*MATERIALS PROVIDED:*

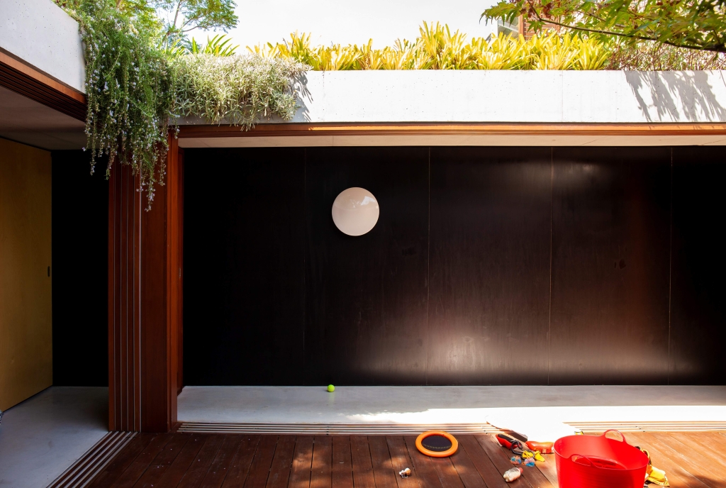 The basic arrangement of the addition –a central courtyard, retention of the primary form of the original semi, a bathroom & laundry slotted into a former access path that no one ever used for access and an addition at the laneway with living areas and a bedroom at the first floor. The living areas, with doors slid open, are as good as outside – an extension of the courtyard and the laneway alike. The first floor bedroom has no windows except to the sky and the tangle of trees – a special hidden room. The long section of the house most clearly demonstrates the basic diagram – the original primary form kept intact and the garden roof of the addition sloping down to maintain morning sun to the central courtyard. The garden – the roof over the first-floor bedroom – softens everything and cools everything down making the most of the potential to provide more vegetation than we started with for the benefit of the owners, neighbours and the environment more broadly. The walls to the addition are lined with form-ply, pre-finished, running inside and out, tracing the outline of a bigger room and lending an appreciation of a larger area on an otherwise very small lot. The builder on this project was selected prior to lodging the DA. We worked through material selections and details together as a team. By way of example on the process, when we lodged the DA the ground floor walls of the building were brick, the first-floor framing timber and the first floor clad in steel sheet. Through design development, with aircraft noise provisions to be addressed and after checking-in with the builder, the floors, walls and roofs of the addition were all changed to in-situ concrete – one primary subcontractor removing the need for multiple trades. Likewise the construction details are simple and repeated. The building costs – $320,000 for the contract, $400,000 all up. This amounts to around $2,900/sqm if you take the whole area of the house into account. When you consider that builders these days suggest $5,000/sqm as a starting price and $8,000+/sqm wouldn’t be uncommon among the architect-designed projects, it’s clear in this project that we’re talking about something else. We worked hard with the clients and the builder to bring the costs down to something more affordable.
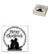 This "Merry Christmas" rubber stamp features a wreath with a couple of cats and family name.
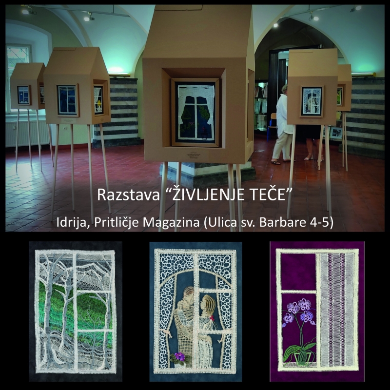 V pritličju Magazina je že od petka na ogled izvirna postavitev klekljanih izdelkov »Življenje teče« s podnaslovom „Radi Firbcamo“, ki so jo pripravile klekljarice skupin Idrija 2 in Dole. V središču je okno, ki obiskovalca postavi na eno ali drugo stran zidu, kakor si pač zamisliš svoj položaj in željo po opazovanju, po idrijsko - firbcanju. Dva ducata klekljanih izdelkov na tej ali oni strani okna zaokrožajo tudi mozaiki Silvestra Bajca, ki je motiv čipke vključil v svoja okna. Razstava, ki jo je oblikoval in postavil Jože Carli, bo na ogled vse do 10. septembra letos. Nekaj več besed o razstavi pa sta spregovorili Sonja Mlakar in Marija Novak Boškovič.
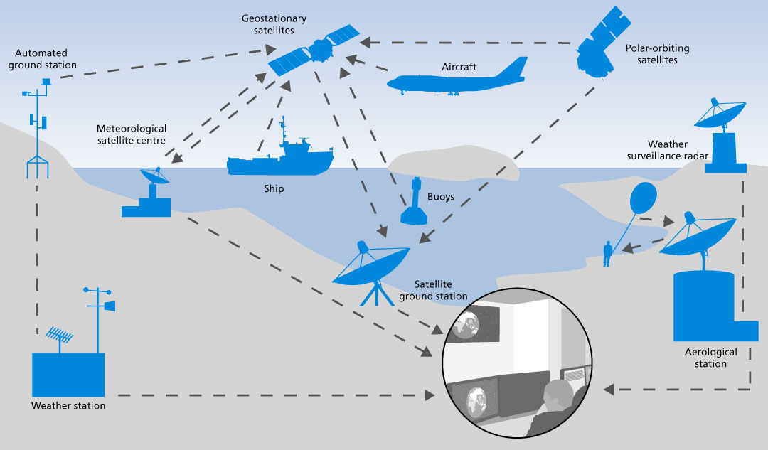 Before there were weather satellites, meteorologists had to laboriously collect and evaluate data such as air pressure and temperature from weather stations on the ground, every now and then complemented by data from weather balloons. Ever since weather satellites have existed, the weather forecasts have significantly improved. Now it is easier for meteorologists to acquire the data and to observe the complete weather in 3D around the world, at all air layers and also on the ground and above the sea. Assisted by numerical models and supercomputers, today weather forecasts are made from this data.
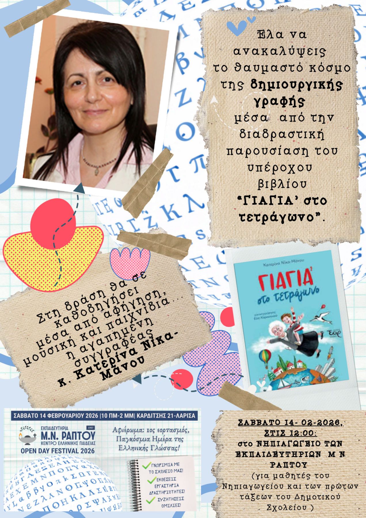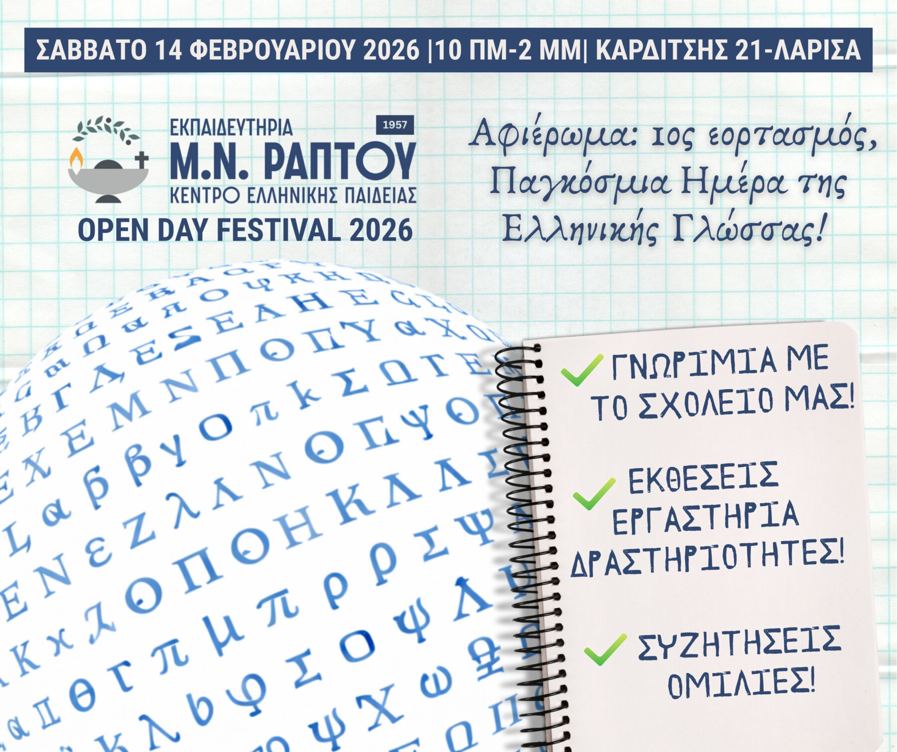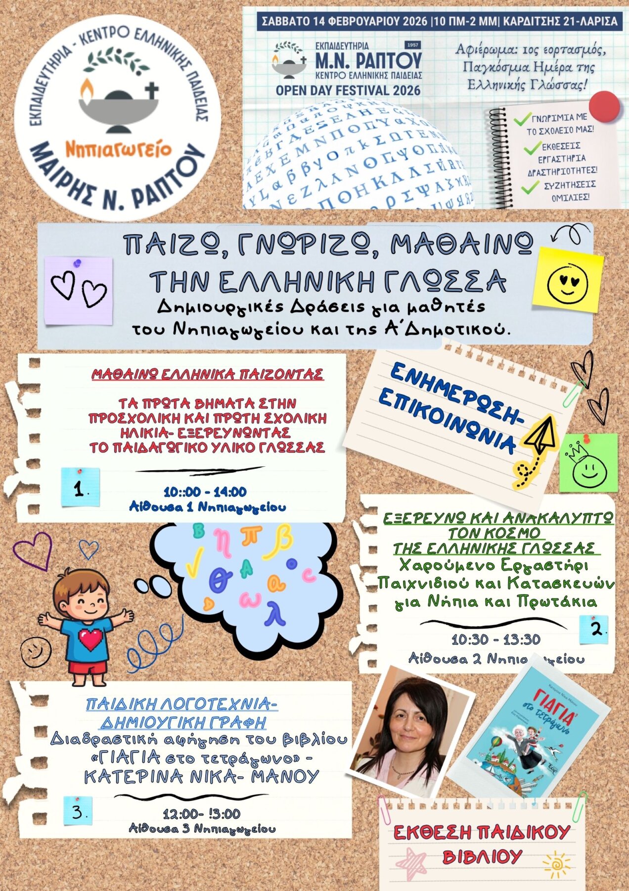 Το Νηπιαγωγείο των Εκπαιδευτηρίων Μ. Ν. Ράπτου συμμετέχει ενεργά στο Open Day Festival, το οποίο θα πραγματοποιηθεί το Σάββατο 14 Φεβρουαρίου 2026, στις εγκαταστάσεις των Εκπαιδευτηρίων στη Νεράιδα Λάρισας, στο πλαίσιο του εορτασμού της Παγκόσμιας Ημέρας της Ελληνικής Γλώσσας.
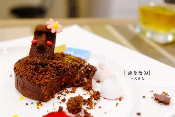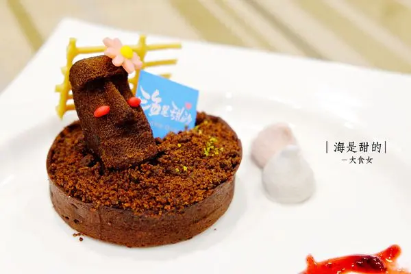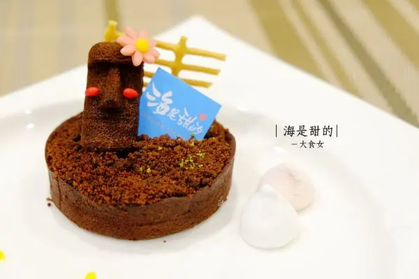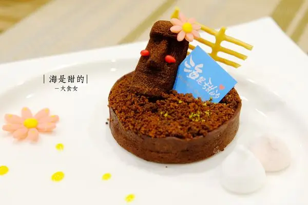 摩艾坐在生巧克力塔上頭,當天叉子輕輕一劃,上頭的土壤也隨之傾瀉而下...,
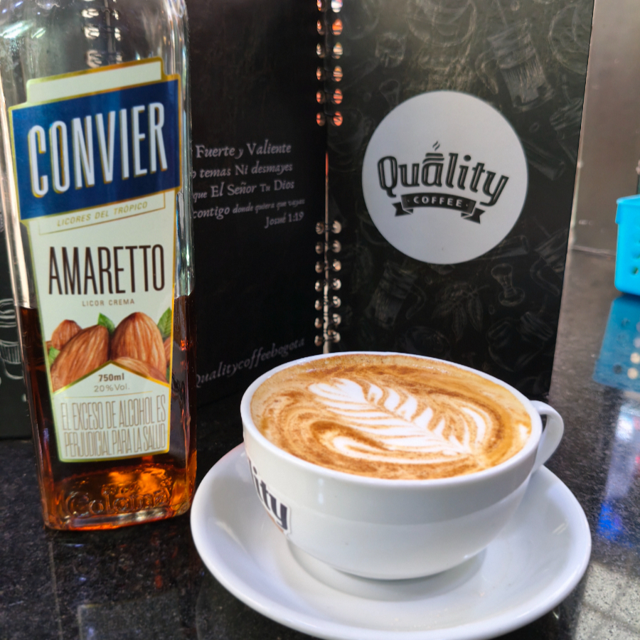 Capuchino con licor de amaretto, brandy y licor de café.
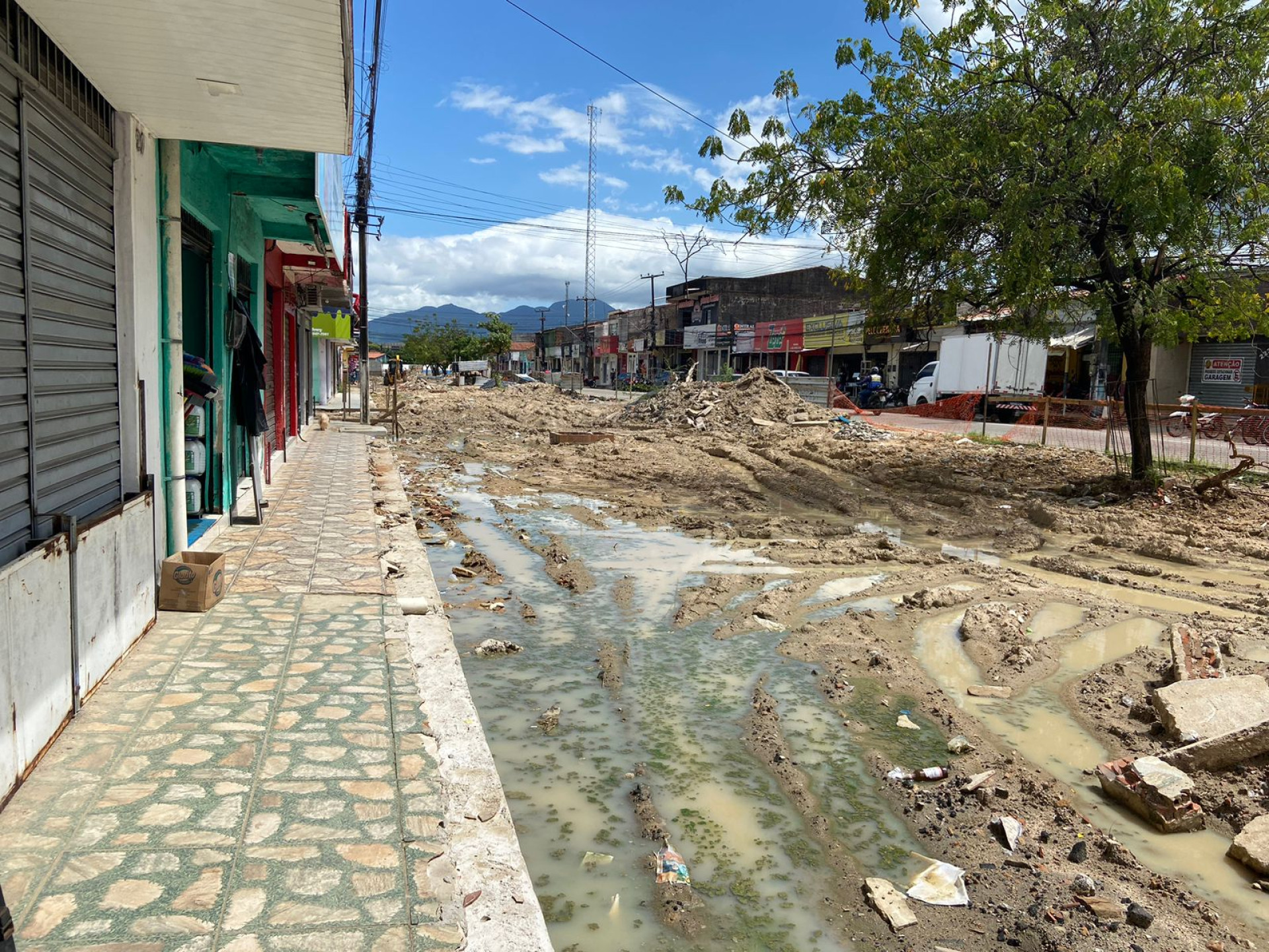 “Falaram que tinha que começar porque tinha que começar. Foram iniciadas as obras e falaram que iam ser por etapas. No entanto, eles quebraram todo o calçadão da avenida, ocasionando água parada desde então, muita água parada, já estamos com alta incidência de dengue, que é preocupante, além de entulho e lama. Agora, eles afirmam que não podem continuar devido à lama porque o trator atola”, disse a empresária.

*ACTIVITY:* The job here is to retype the data exactly, with no pictures included.

*WRITTEN RESPONSE:*
 The basic arrangement of the addition –a central courtyard, retention of the primary form of the original semi, a bathroom & laundry slotted into a former access path that no one ever used for access and an addition at the laneway with living areas and a bedroom at the first floor. The living areas, with doors slid open, are as good as outside – an extension of the courtyard and the laneway alike. The first floor bedroom has no windows except to the sky and the tangle of trees – a special hidden room. The long section of the house most clearly demonstrates the basic diagram – the original primary form kept intact and the garden roof of the addition sloping down to maintain morning sun to the central courtyard. The garden – the roof over the first-floor bedroom – softens everything and cools everything down making the most of the potential to provide more vegetation than we started with for the benefit of the owners, neighbours and the environment more broadly. The walls to the addition are lined with form-ply, pre-finished, running inside and out, tracing the outline of a bigger room and lending an appreciation of a larger area on an otherwise very small lot. The builder on this project was selected prior to lodging the DA. We worked through material selections and details together as a team. By way of example on the process, when we lodged the DA the ground floor walls of the building were brick, the first-floor framing timber and the first floor clad in steel sheet. Through design development, with aircraft noise provisions to be addressed and after checking-in with the builder, the floors, walls and roofs of the addition were all changed to in-situ concrete – one primary subcontractor removing the need for multiple trades. Likewise the construction details are simple and repeated. The building costs – $320,000 for the contract, $400,000 all up. This amounts to around $2,900/sqm if you take the whole area of the house into account. When you consider that builders these days suggest $5,000/sqm as a starting price and $8,000+/sqm wouldn’t be uncommon among the architect-designed projects, it’s clear in this project that we’re talking about something else. We worked hard with the clients and the builder to bring the costs down to something more affordable.
 This "Merry Christmas" rubber stamp features a wreath with a couple of cats and family name.
 V pritličju Magazina je že od petka na ogled izvirna postavitev klekljanih izdelkov »Življenje teče« s podnaslovom „Radi Firbcamo“, ki so jo pripravile klekljarice skupin Idrija 2 in Dole. V središču je okno, ki obiskovalca postavi na eno ali drugo stran zidu, kakor si pač zamisliš svoj položaj in željo po opazovanju, po idrijsko - firbcanju. Dva ducata klekljanih izdelkov na tej ali oni strani okna zaokrožajo tudi mozaiki Silvestra Bajca, ki je motiv čipke vključil v svoja okna. Razstava, ki jo je oblikoval in postavil Jože Carli, bo na ogled vse do 10. septembra letos. Nekaj več besed o razstavi pa sta spregovorili Sonja Mlakar in Marija Novak Boškovič.
 Before there were weather satellites, meteorologists had to laboriously collect and evaluate data such as air pressure and temperature from weather stations on the ground, every now and then complemented by data from weather balloons. Ever since weather satellites have existed, the weather forecasts have significantly improved. Now it is easier for meteorologists to acquire the data and to observe the complete weather in 3D around the world, at all air layers and also on the ground and above the sea. Assisted by numerical models and supercomputers, today weather forecasts are made from this data.
 Το Νηπιαγωγείο των Εκπαιδευτηρίων Μ. Ν. Ράπτου συμμετέχει ενεργά στο Open Day Festival, το οποίο θα πραγματοποιηθεί το Σάββατο 14 Φεβρουαρίου 2026, στις εγκαταστάσεις των Εκπαιδευτηρίων στη Νεράιδα Λάρισας, στο πλαίσιο του εορτασμού της Παγκόσμιας Ημέρας της Ελληνικής Γλώσσας.
 摩艾坐在生巧克力塔上頭,當天叉子輕輕一劃,上頭的土壤也隨之傾瀉而下...,
 Capuchino con licor de amaretto, brandy y licor de café.
 “Falaram que tinha que começar porque tinha que começar. Foram iniciadas as obras e falaram que iam ser por etapas. No entanto, eles quebraram todo o calçadão da avenida, ocasionando água parada desde então, muita água parada, já estamos com alta incidência de dengue, que é preocupante, além de entulho e lama. Agora, eles afirmam que não podem continuar devido à lama porque o trator atola”, disse a empresária.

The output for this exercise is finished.